Court: And so your idea is, by taking this act, it forces him to look in the mirror? Is that –
Anderson: Well, so being alone in the house, realizing how much I did for him, the cleaning, the cooking, the organizing, the laundry, going grocery shopping, all that stuff being by himself for a little bit he would see how much I actually brought to the table, and so my concerns were valid.
Court: So then is your concern, or was your concern more about your relationship with him and him appreciating you as a wife than it was about, at that point, in removing them for the benefit of the kids or for the welfare of the kids?
Anderson: This was never about the children.

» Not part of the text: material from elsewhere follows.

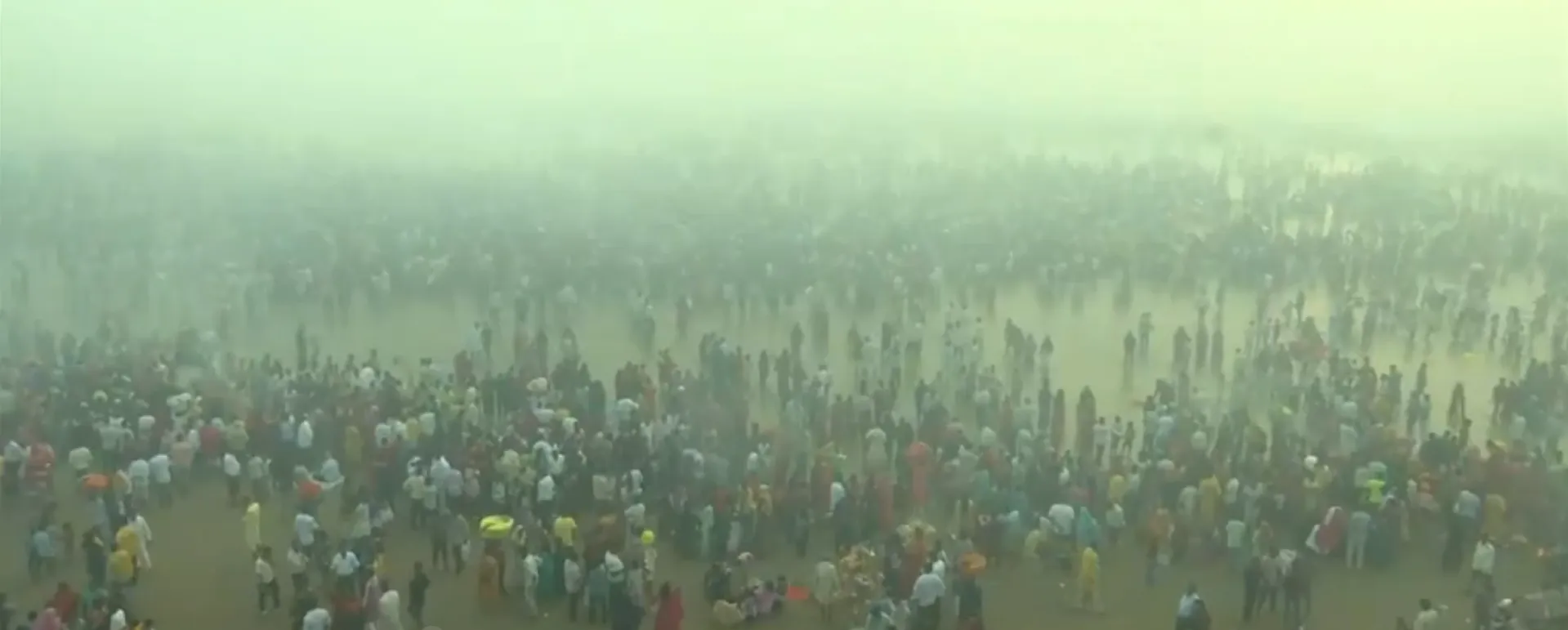 #WATCH | Bihar: Amid a thin layer of fog, devotees thronged the ghat in Gaya Ji to offer 'Usha Arghya' on the last day of #ChhathPuja. pic.twitter.com/bRXMAiB9Hn

Court: So you didn't remove them from the situation because of your concern that he would harm the children?
Anderson: Correct.
Based on the Court's observations, Respondent's concerns for her husband's use or abuse of alcohol and the anger it appears to cause in him are well-founded. But, given the purposes of the Hague Convention, moving his children to another country was not an appropriate way to "get his attention," which she acknowledges was her primary objective. Her words also undercut the notion that she genuinely perceives that the children would be subject to a grave risk of harm if returned to France.

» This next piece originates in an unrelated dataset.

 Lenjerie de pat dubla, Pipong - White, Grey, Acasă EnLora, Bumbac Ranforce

In sum, evidence of Petitioner's treatment of Respondent is certainly troubling and it is tempting for the Court to assume the role of a family judge and make custody determinations with the best interests of the children in mind. But that is not the Court's role here. Instead, applying the principles of the Hague Convention, the Court concludes that Respondent wrongfully removed the children from their habitual residence, that she breached Petitioner's custodial rights, and that Petitioner was exercising those rights at the time of removal. Additionally, the grave risk of harm exception does not apply. It is left for the appropriate authority in the appropriate jurisdiction to make any further determinations.
III. CONCLUSION
For the foregoing reasons, the Court will grant the Petition, ECF No. 1. A separate Order shall issue.